PKK, AKP’li siyasetçileri hedef ilan ettikten sonra art arda saldırılar gerçekleştirdi. Son iki aylık zaman zarfında, AKP’de çeşitli düzeylerde görev yapan beş siyasetçi bu saldırılarda hayatını kaybetti. (Ahmet Budak – Hakkâri Milletvekili Adayı, Menderes Özel - Şemdinli AKP üyesi, Naci Adıyaman – Şırnak/Beytüşşebap İlçe Gençlik Kolları Başkanı, Aydın Muştu - Van/Özalp İlçe Başkan Yardımcısı, Deryan Aktert – Diyarbakır/Dicle İlçe Başkanı)
PKK’nin siyasetçilere yönelmesinde son dönemde sahada yaşananların bir payı var. Devlet hem kırsalda hem de şehir merkezlerinde operasyonlara hız vermiş durumda. PKK içine düştüğü sıkışmışlığı aşmak nispeten riski az ama sansasyonu yüksek eylemler gerçekleştirmek istiyor. Bu kapsamda öncelikli olarak yöneldiği üç hedef var:
- Metropoller
- Bölgede karakollar ve kontrol noktaları
- AKP’li siyasetçiler.
Demokrasi köpüğü
Yani siyasetçilere dönük saldırılarda mevcut durumun bir etkisi var. Ama sınırlı bir etki bu. Bir de işin yalnızca buna bağlanamayacak daha derin kısmı var. Asıl önemli olan da budur. Yani PKK’nin rekabete gelemeyen yapısıdır. PKK’nin muhalif veya düşman olarak tesmiye ettiklerini hedefe koyması, onun rekabeti kabul etmeyen yapısıyla doğrudan ilgilidir.
PKK kendi dışındakilere saldırmak için her dönem farklı bir neden sunar.

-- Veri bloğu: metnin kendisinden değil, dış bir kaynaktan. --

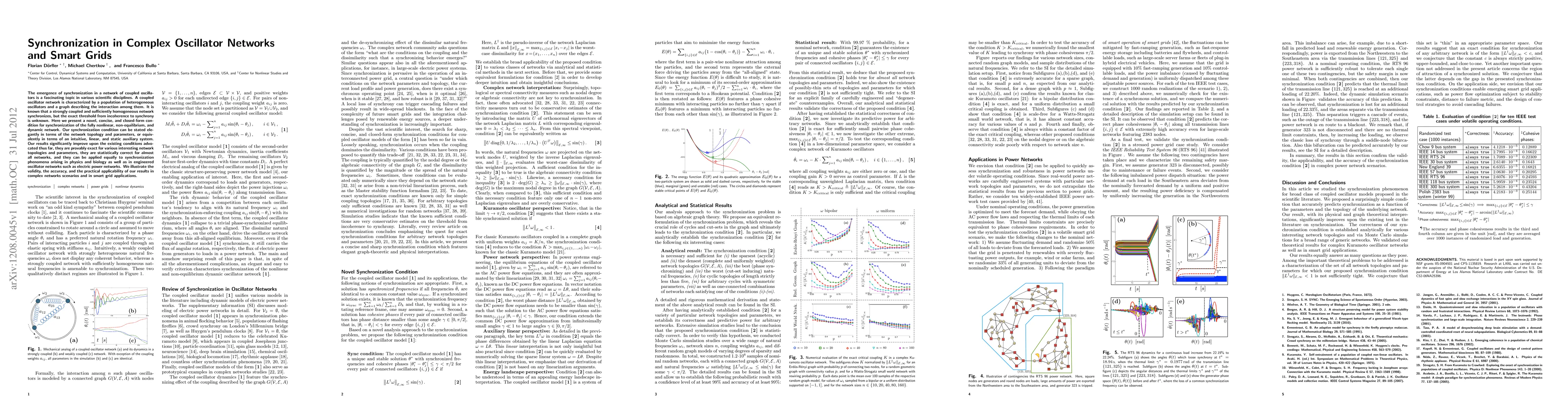 This paper presents a novel, closed-form condition for synchronization in complex oscillator networks, including smart grids, based on network topology and parameters. The proposed condition is exact for various network types and applicable to both natural and engineered systems, demonstrating improved accuracy over existing methods.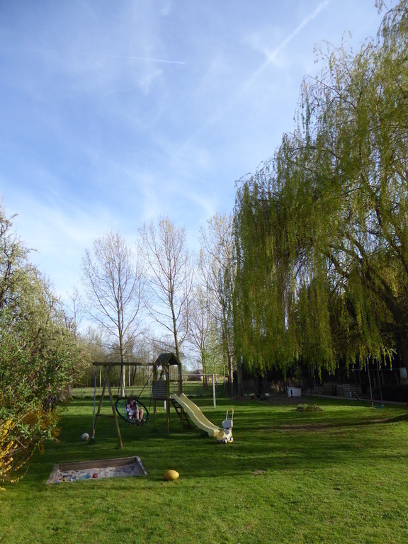 * grand jardin entièrement clôturé, orienté au sud avec terrasse, balançoire, bac à sable, trampoline, piscine en été, potager, goal, poules, écureuils, hérissons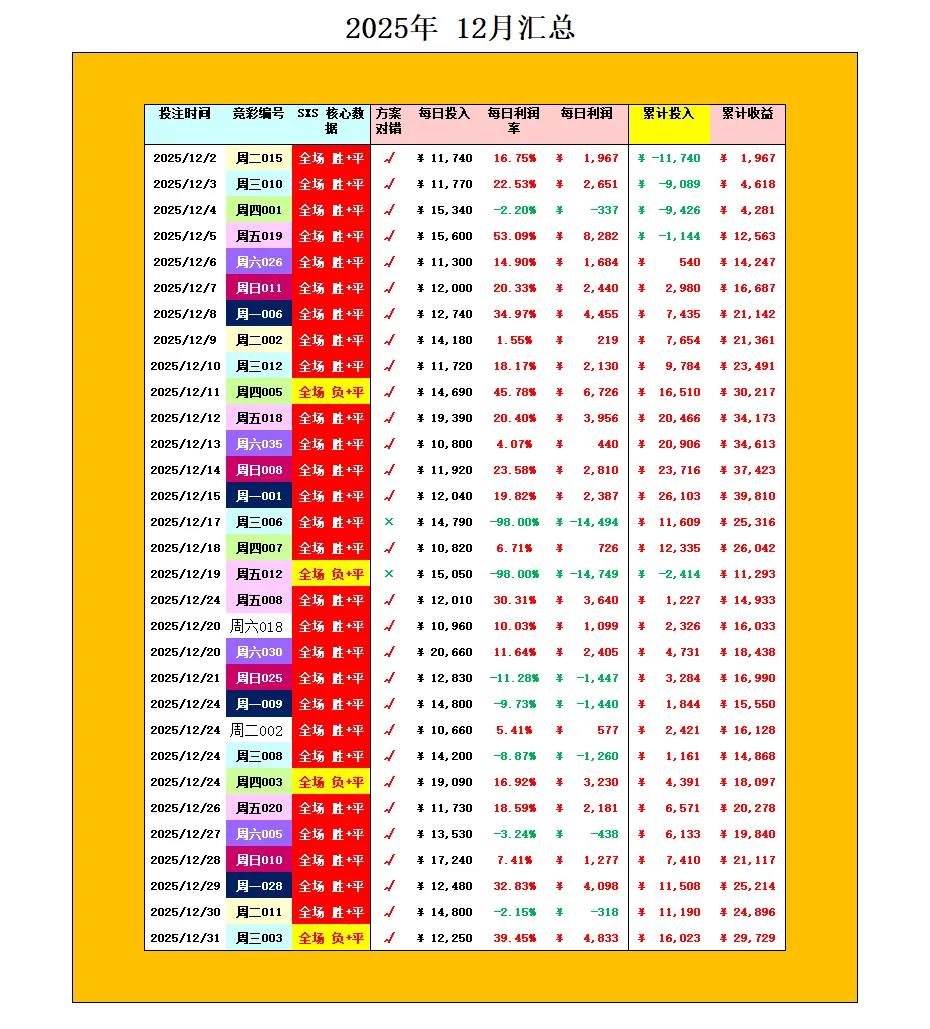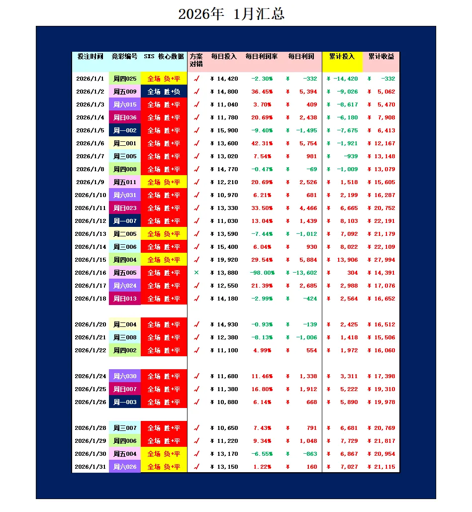 2026年1月,SXS赛事数据分析系统坚守价值投资核心原则,在复杂市场环境中持续兑现稳定收益承诺,用数据印证“价值为锚、长期制胜”的投资逻辑。本月累计完成28场赛事分析推荐,命中27场,胜率高达96.43%,核心数据表现超越行业平均水准;从资金运作维度看,全月累计投入14420元,实现累计收益21115元,原始盈利率达146.42%;若采用金融投资领域标准的量化仓位管理策略,按单次投入金额1/10的比例执行交易,月化收益率稳定在14%左右,完全符合价值投资“稳定复利、风险可控”的预设目标。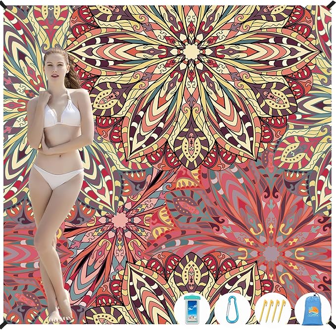 - ๐PACKABLE SAND RESISTANT BEACH BLANKET MAT:The package includes 1 beach blanket,4 ground stakes for windproof,1 carabine for carry.You can enjoy a wonderful outdoor time with your family.If you have any questions,please don't hesitate to contact us.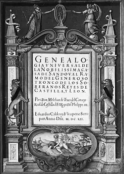 | Otros nombres | Genealogia universal de la nobilissima casa de Sandoval, ramo del generoso tronco de los soberanos reyes de Castilla y Leon, por Don Melchior de Teves, del Consejo Real de Castilla d'El Rey Don Philippe III | |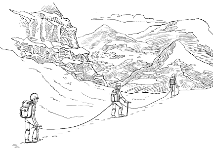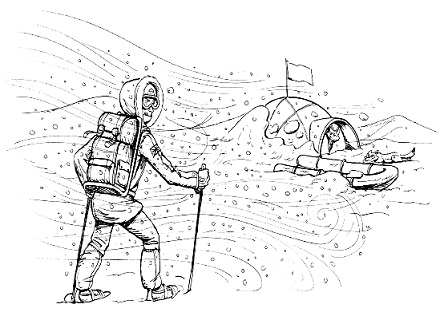 • Если буран начался, когда ты находился в палатке, сиди и жди его окончания. Если тебе необходимо выйти наружу, один конец длинной верёвки привяжи к палатке, а другой – к себе. Во время бурана очень легко потерять лагерь, а по верёвке ты сможешь найти дорогу обратно. Тем не менее будь осторожен – сильный ветер способен сбить тебя с ног.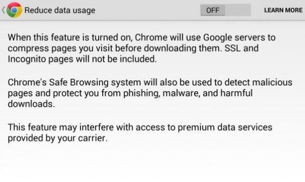 要在Android、iPhone、iPad上启用Chrome的数据压缩功能很简单,选择Chrome的“菜单”,选择“设置”,在“高级设置”里选择“带宽设置”,打开“减少数据用量”,这样就完成了。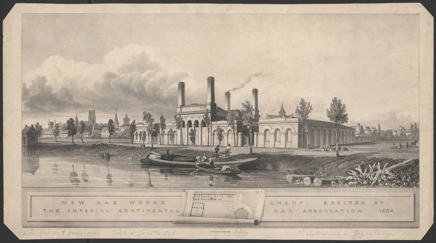 Zicht op de gasfabriek aan het Handelsdok. Lithografie, 1834. Collectie Archief Gent, IC_AG_L_158_040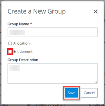 1.首先创建用户授权组:请参考此链接创建用户授权组, 创建时需要选择Entitlement(授权)类型(如需分组导出使用量报表,也可以同时选择Allocation分配组选项)。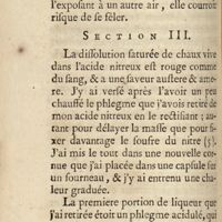 0190 - Page 178 - IIIe dissertation : Histoire des phénomènes que présente la dissolution de la chaux vive dans l'acide nitreux, avec les expériences entreprises pour les découvrir. Section I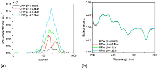 Influence of gas treatment pressure on the properties of free NBs: (a) on the size distribution measured with NTA; (b) on the UV–vis extinction.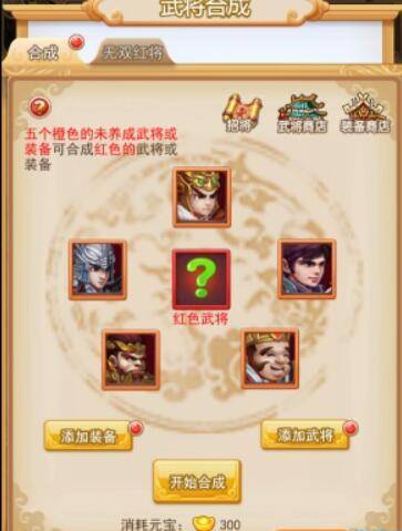 当您成功通关至第45关,武将合成功能便会开启。在此功能中,五个橙色武将能够合成为一个红色武将。但务必留意,用于合成的武将必须是从未养成过的。要是您的橙色武将已在您的上阵阵容中,那您得先将其从阵中撤下,接着进行武将重生操作。
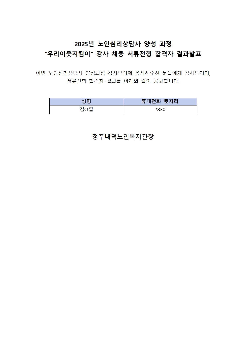 | 2025년 노인심리상담사 양성과정 강사 공개채용 서류 합격 결과 발표 | |||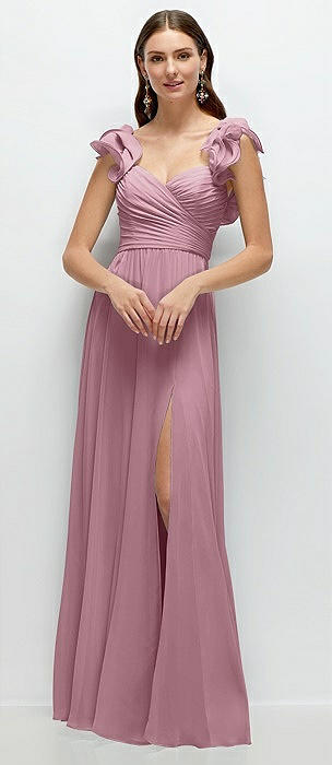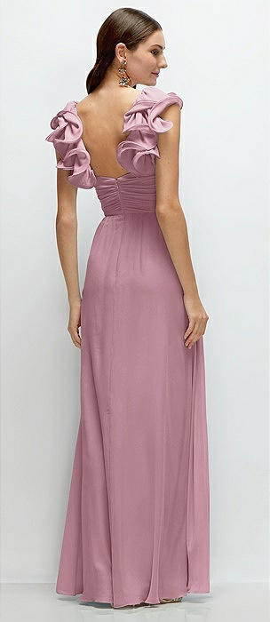 Dramatic Ruffle Edge Strap Chiffon Maxi Dress in dusty pink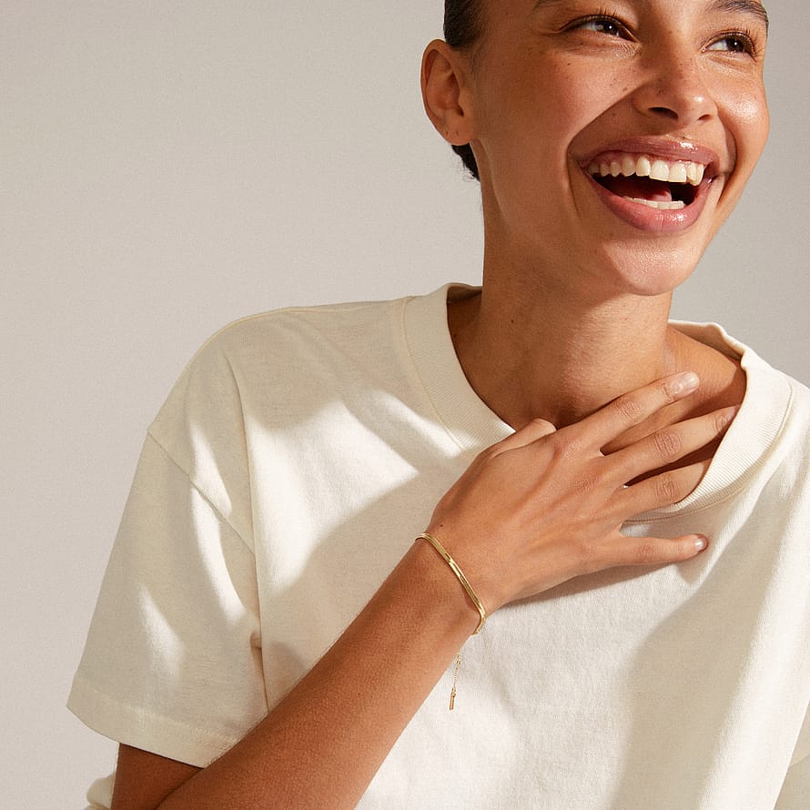 Own your glow! Det guldbelagte flat snake chain armbånd fra Pilgrims Classics-kollektion er din nye everyday favourite. Den glatte finish giver et clean, powerful look, der tilføjer classy vibes til både casual outfits og dressed-up moments. Et must-have piece med timeless appeal og effortless shine – perfekt til både at style solo eller som en del af et stacked look. Armbåndet er i vandfast kvalitet og fremstillet af 99% genanvendt materiale – fashion med omtanke.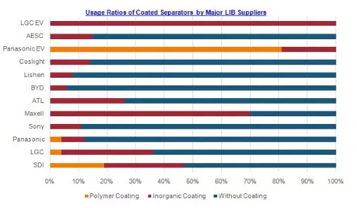 圖7 各國(guó)大型電池企業(yè)采用和未采用涂層隔膜的比例圖(取自呂學(xué)隆報(bào)告)

Gündemdeki bir problemle bağlantılı gerekçeler öne sürer. (Mesela son saldırılarını, belediyelere kayyum atanması ve HDP/BDP’li siyasetçilerin gözaltına alınmasıyla açıklıyor.) Bunlar meselenin aslını göstermez. Temelde yatan PKK’nin hegemonyasının mutlak kabulünü istemesidir. Farklı ve kuvvetli bir görüşe tahammül etmez. Resmi ideolojisinin haricinde bir sözün dolaşıma sokulmasından nefret eder. Yaşamın her alanına sızarak toplumu bütünüyle kontrol altına almaya çabalar.
PKK ve bileşenleri “demokrasi” lafını ağızlarında düşürmezler. Her söze demokrasi ile başlarlar, demokrasi ile bitirirler. Örgütlerinin isimlerinde “demokratik” sıfatını asla ihmal etmezler. Oysa gerçekte bu, bir köpükten ibarettir. Zaten bir kavramın bu kadar vurgulanıp göze batırılması onun yokluğuna delalettir.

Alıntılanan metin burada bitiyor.